As you click around, the time estimates change, so you get the approximate idea, how long the export will take.
Once you start your export for real, it will recalculate estimates based on your actual items.
You can import the same kind of files that you get from Export.
If you have Shopify CSV file, you just need to save it as Excel file and name the sheet as “Products” and you are good to import it. Most of the columns will just match. If you don’t have Excel, you can open CSV file in Google Spreadsheets, and then go to File -> Download as -> Microsoft Excel (.xlsx).
Once you upload that Excel file, first it will analyze the file, count the items in that file and show approximate estimate. When it says “Ready to import”, you can press the “Import” button and it will start importing.
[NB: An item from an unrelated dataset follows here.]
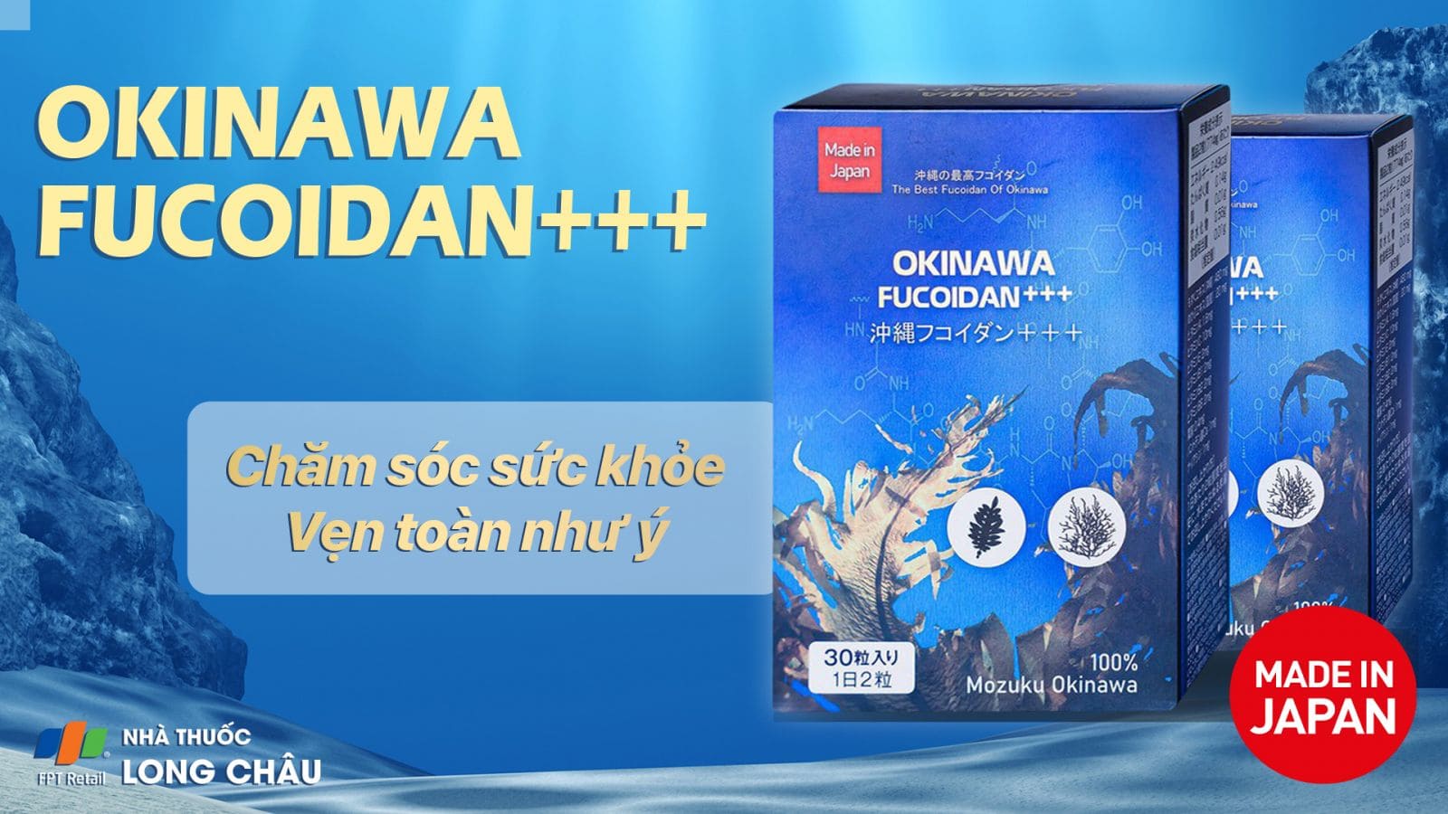 Okinawa Fucoidan +++ được nhập khẩu chính thức bởi JpanWell. Với thông điệp 'Made in Japan', JpanWell mong muốn tạo sự uy tín và niềm tin chất lượng trong lòng khách hàng. Cam kết cung ứng cho thị trường Việt Nam dòng sản phẩm được chọn lọc rất kỹ lưỡng và sản xuất tại Nhật Bản. Các sản phẩm của JpanWell đều được Bộ Y tế Việt Nam kiểm định chất lượng, cấp giấy chứng nhận được phép nhập khẩu và phân phối.

As it imports, it will show how many items are New, Updated, or Failed. It will also calculate more precise time estimate as it moves on – from the real speed of your items.
If you notice that you get too many Failed, or just that you forgot to add something, you can cancel the import any time. When you cancel the import, you will have a chance to download the Results file. It will contain only those rows, which it imported. That way you can review, what was imported, what were errors. And that way you know, which items it actually imported, so that if you need to continue, you can exclude those already imported items from the next import.
When import will be finished, you will be able to download the full Import Results Excel file, which will tell you precisely for each row – what was the import result, and the comment about it.
Important: before importing, keep your exported file as a backup. Just in case you mess up the data, you can import the exported file to restore it back.
Test Your Imports
Before importing the whole file, import one item to make sure you have set everything as you need.
Once you made your test import, and results are as you need, only then import the whole file.